25 years is sentence for NLR man in DWI, hit-and-run collision

A 28-year-old North Little Rock man who inflicted brain-damaging and paralyzing injuries on a motorcyclist in a September drunken-driving hit-and-run collision was sentenced to 25 years in prison on Monday.

Nathan Michael Ray pleaded guilty to felony charges of first-degree battery and leaving the scene of an injury accident along with misdemeanor counts of second-offense driving while intoxicated and driving on a suspended license, as more than 100 of 29-year-old Trevor Joel Ware’s friends and family looked on.

Ray pleaded guilty in exchange for prosecutors recommending the 25-yearprison term imposed by Pulaski County Circuit Judge Barry Sims. Deputy prosecutor Luke Daniel told the judge Ray was drunk when he rear-ended Ware’s motorcycle in a late-night collision on Interstate 40 East in North Little Rock, knocking the victim into the road.

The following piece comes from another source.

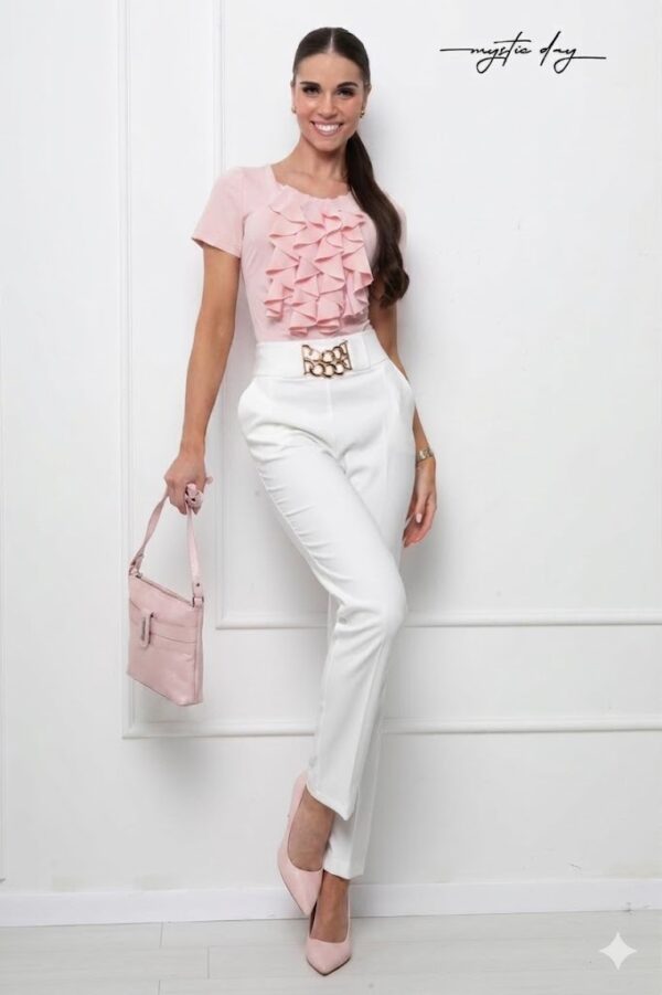 Ha olyan darabot keresel, ami egyszerre elegáns, nőies és praktikus a mindennapokra, ez a felső telitalálat. A romantikus zsabós mellrész finom játékosságot ad a megjelenésednek, miközben a hűs hatású viszkóz anyag kellemesen friss érzetet biztosít – különösen melegebb napokon. Viseld irodába egy szövetnadrággal, hétvégén farmerrel, vagy dobd fel egy szoknyával egy csinos vacsorához!

The motorcycle was wedged underneath Ray’s borrowed 2004 Mercedes Benz, but Ray kept driving, Daniel said. Ray took the JFK Boulevard exit, which was about 340 feet from where he hit Ware, but didn’t stop until he reached intersection of Pine and A streets. There, he dislodged the bike before driving home, according to Daniel. An arrest report said strands of Ware’s hair were found on the Mercedes’ windshield, and police seized a bloody shirt from Ray’s home.

The collision came just before the seventh anniversary of Ray’s 2005 conviction in Indiana for a fatal drunken-driving crash in that state, according to Indiana prison records. The records also show he was convicted of another felony drunken-driving offense in Indiana in 2011. Both times, he was sentenced to prison.

Ray, through his attorneys Jack Lassiter and Virgil Young Jr., declined an opportunity to address the court. Ware was recuperating from his fourth surgery related to the collision and was too ill to attend the hearing. His mother, Pamela Ware, bluntly assessed Ray’s actions before the court.

“You left him to die,” Ware said, saying that the crash had not only physically devastated her oldest son but also financially ruined him with more than $400,000 in medical bills. “He’s scared about the future.”

Ware’s best hope of recovery will require physical, occupational and speech therapies he can’t afford and Medicaid won’t pay for, she said.

Her son had been proudly independent before the crash, training himself how to be a mechanic, she said. He rebuilt and sold vintage motorcycles, selling them to finance his love of travel, she said. Ware was also a writer, artist and self-taught musician, she said. He played bass guitar in a local indie rock band, Grand Serenade, which was just starting to enjoy some success when he was injured, she said.

But his injuries, partial paralysis on his left side and a brain injury that required part of his skull to be replaced with titanium mesh, have put him in a wheelchair, damaged his memory and require him to need around-the-clock care for routine living activities, she said. Ware said she had to move back to Little Rock from Colorado to help take care of him.

“It’s all because of someone else’s selfish, reckless and criminal choices,” Pamela Ware said.

She and her son are also pursuing a civil suit against Ray and his parents, Michael and Talena Ray of Sherwood, court filings show. Michael Ray owned the Mercedes his son was driving when he struck Ware, according to arrest reports.